The research, which focused on a specially curated detection system that identifies fake news through text, was developed as part of her PhD project. Dr Ferdush also experimented with images for the project.

The innovative method for detecting fake news integrates content and comments from multiple social media platforms, aggregating and analysing user interactions from diverse sources to provide a more comprehensive view of the information landscape.

The process involves continually ‘feeding’ the machine-learning tool fake and real news, training the detection system to identify what is not real.

She says the negative impact of fake news underscores the urgency of developing more effective detection systems.

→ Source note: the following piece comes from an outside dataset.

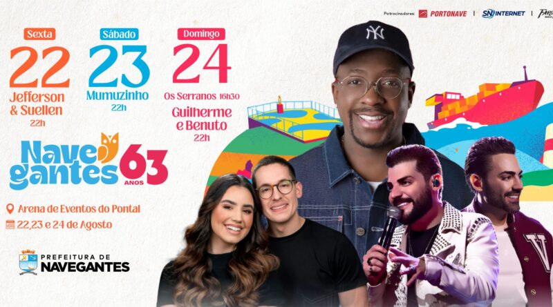 A cidade de Navegantes vai comemorar seus 63 anos em grande estilo com uma série de atrações musicais gratuitas na Arena de Eventos do Pontal, entre os dias 22 e 24 de agosto. Entre os destaques da festa estão os shows nacionais de Mumuzinho, Guilherme & Benuto, Jefferson & Suellen e Os Serranos, prometendo agradar públicos de todas as idades.

“In fake news, there is often no editorial body, especially on social media. Normally, fake news does not follow grammar correctly, or it has many grammatical mistakes. But with real news, it has an editorial body and mostly very good grammar,” Dr Ferdush said.

“Also, if users from multiple platforms say that something is a real news item, then there is a high chance it is real. This corresponds with the process of identifying fake news from user comments on multiple social media platforms.”

Dr Jannatul Ferdush says fake news is also spreading at an ever-increasing rate, making it harder for detection systems to keep up. As a result, these detection systems will continuously need to be adjusted.

“We need to keep retraining these models of detection because fake news is always evolving, along with the fact that machine learning is trained on historical and not current data,” she said.

“If there is a data drift [when real-world data changes, making a machine learning model less reliable over time], we need to calculate the data drift. If current data is different to historical data, we need to retrain it. This is true for most machine learning cases.”

Dr Ferdush says she hopes to continue developing the tool, which has taken three years to complete, and includes real-life data for training and testing.

Dr Ferdush, who is currently working part-time at Federation, says she is thankful to her supervising team who helped her on her PhD journey and hopes to inspire the next generation by teaching programming and IT in schools.

“Doing a PhD is not always a smooth ride, and you’ll find that a lot of the time things won’t go your way,” she said.

“But, at the end, it’s all worth it. My advice to anyone undertaking a PhD is just to keep going.”